6.2. Dans le cadre de la stratégie du cocooning (hors milieu professionnel), il est recommandé que :

  • les personnes non antérieurement vaccinées contre la coqueluche ou n'ayant pas reçu de vaccin coquelucheux depuis l'enfance reçoivent une dose de vaccin dTcaP en respectant un délai d'un mois par rapport au dernier vaccin dTP (au lieu de deux ans auparavant). Le recalage sur le calendrier en cours se fera suivant les recommandations du calendrier vaccinal en vigueur ;
  • les personnes antérieurement vaccinées à l'âge adulte contre la coqueluche dans le cadre du cocooning et à nouveau en situation d'être en contact étroit et durable avec des nourrissons âgés de moins de 6 mois, reçoivent une dose de rappel de vaccin dTcaP si la vaccination anticoquelucheuse antérieure remonte à plus de 10 ans. Un délai d'un mois doit être respecté par rapport à un éventuel vaccin dTP. Le recalage sur le calendrier en cours se fera suivant les recommandations du calendrier vaccinal en vigueur. 

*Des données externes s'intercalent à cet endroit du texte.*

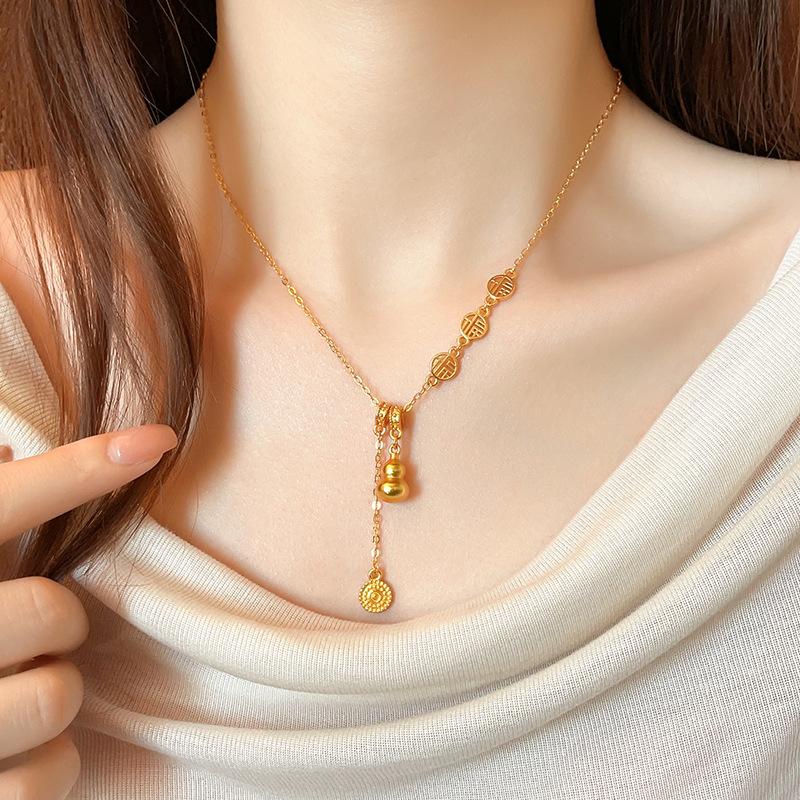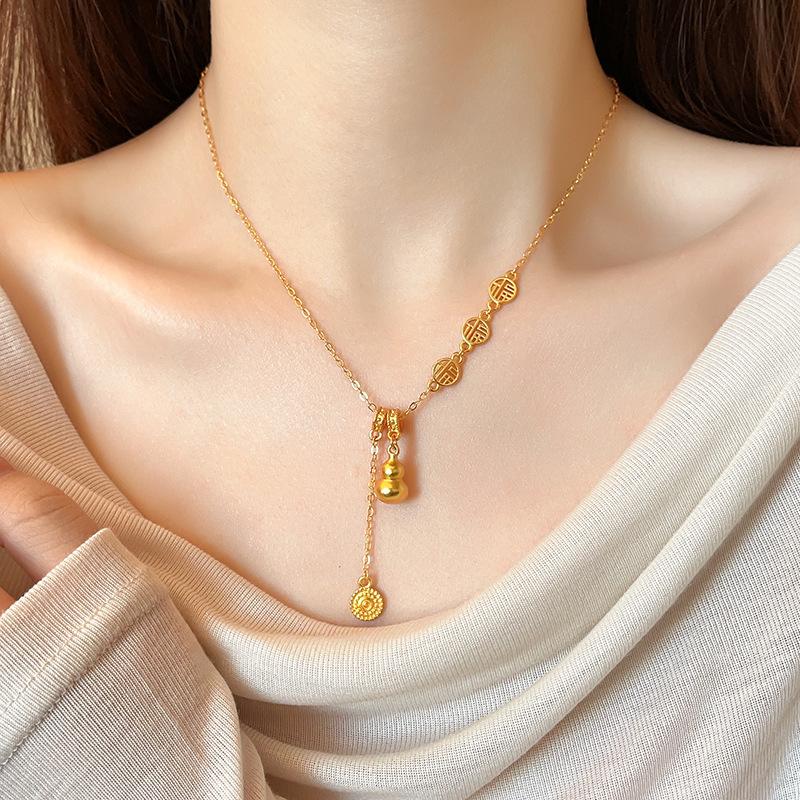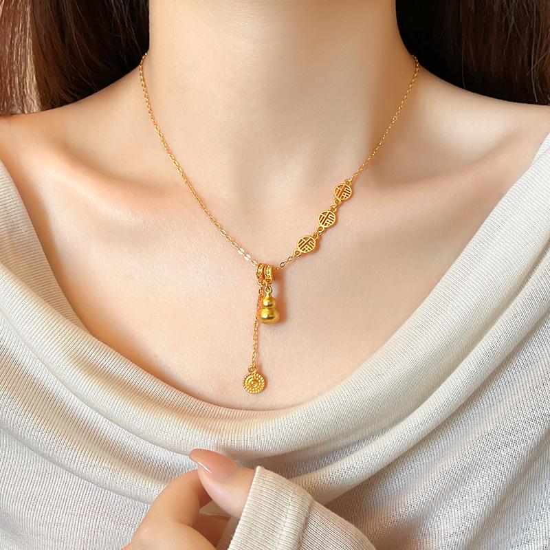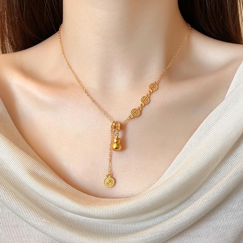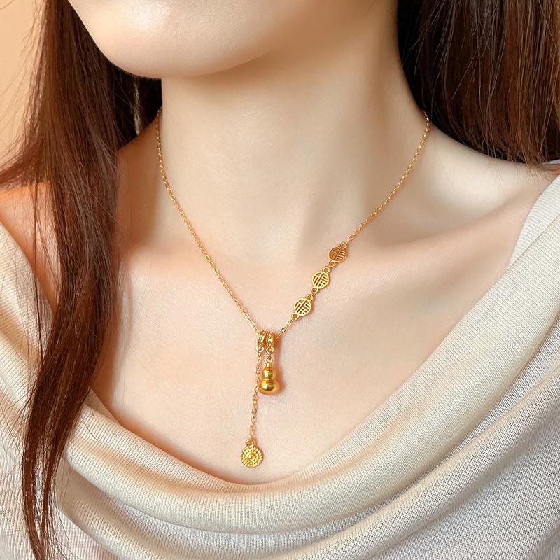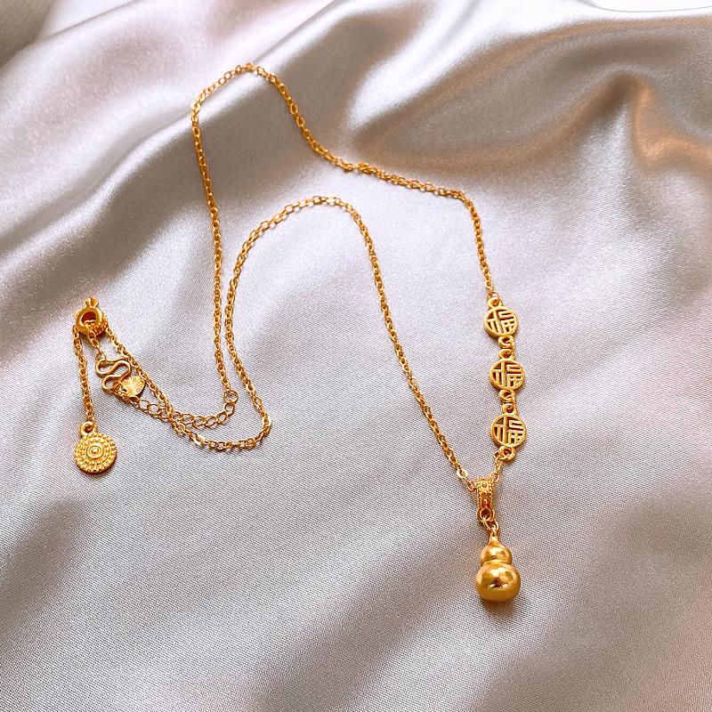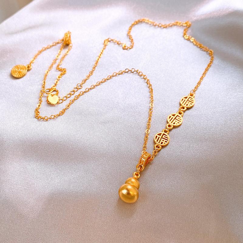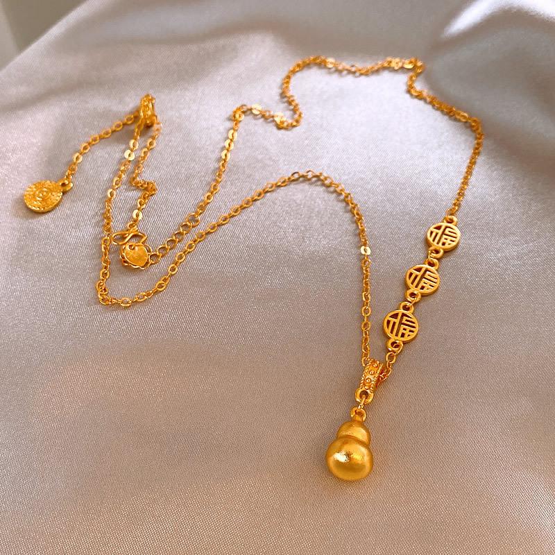 Nuevo collar con colgante de calabaza Fuzi dorada, nuevo estilo chino retro, ligero, de lujo, de alta gama, con cadena de clavícula, joyería elegante.

6.3. Dans le cadre de la vaccination coquelucheuse en milieu professionnel, il est recommandé que :

  • les professionnels concernés non antérieurement vaccinés contre la coqueluche ou n'ayant pas reçu de vaccin coquelucheux depuis l'enfance reçoivent une dose de vaccin dTcaP en respectant un délai d'un mois par rapport au dernier vaccin dTP. Le recalage sur le calendrier en cours se fera suivant les recommandations du calendrier vaccinal en vigueur ; pour ces professionnels, les rappels administrés aux âges de 25, 45, 65 ans comporteront systématiquement la valence coquelucheuse (vaccin dTcaP). Pour les personnes ayant déjà reçu une dose de vaccin coquelucheux à l'âge adulte, le recalage sur le calendrier en cours se fera suivant les recommandations du calendrier vaccinal en vigueur.

6.4. Un intervalle de 10 ans est nécessaire entre une coqueluche documentée et une revaccination coquelucheuse chez un adulte, si celle-ci est recommandée.

7. Personnes concernées par ces recommandations

La liste des personnes pour lesquelles la vaccination contre la coqueluche est recommandée n'a pas été modifiée. Il s'agit : 

7.1. Dans le cadre du cocooning

  • Les couples ayant un projet parental
  • Au cours de la grossesse :
    - les enfants de la fratrie, le conjoint ;
    - les personnes susceptibles d'être en contact étroit et durable avec le futur nourrisson au cours de ses 6 premiers mois. Ceci peut concerner notamment, les grands-parents.
  • En post-partum immédiat :
    - la mère qu'il conviendrait idéalement de vacciner avant la sortie de la maternité, même si elle allaite ;
    - l'entourage, si la mise à jour de la vaccination n'a pas été faite antérieurement. 

7.2. Dans le cadre professionnel 

  • Le personnel soignant dans son ensemble, y compris dans les établissements d'hébergement pour personnes âgées dépendantes (Ehpad). Les personnes travaillant en contact étroit avec les nourrissons âgés de moins de 6 mois (maternité, service de néonatologie, service de pédiatrie) doivent être vaccinées en priorité ;
  • Les étudiants des filières médicales et paramédicales ; 
  • Les professionnels chargés de la petite enfance ;
  • Les nourrices et personnes effectuant régulièrement du baby-sitting.

Ces nouvelles recommandations seront prises en compte par le système expert de MesVaccins.net le 17 mars 2014.

Source : Haut Conseil de la santé publique.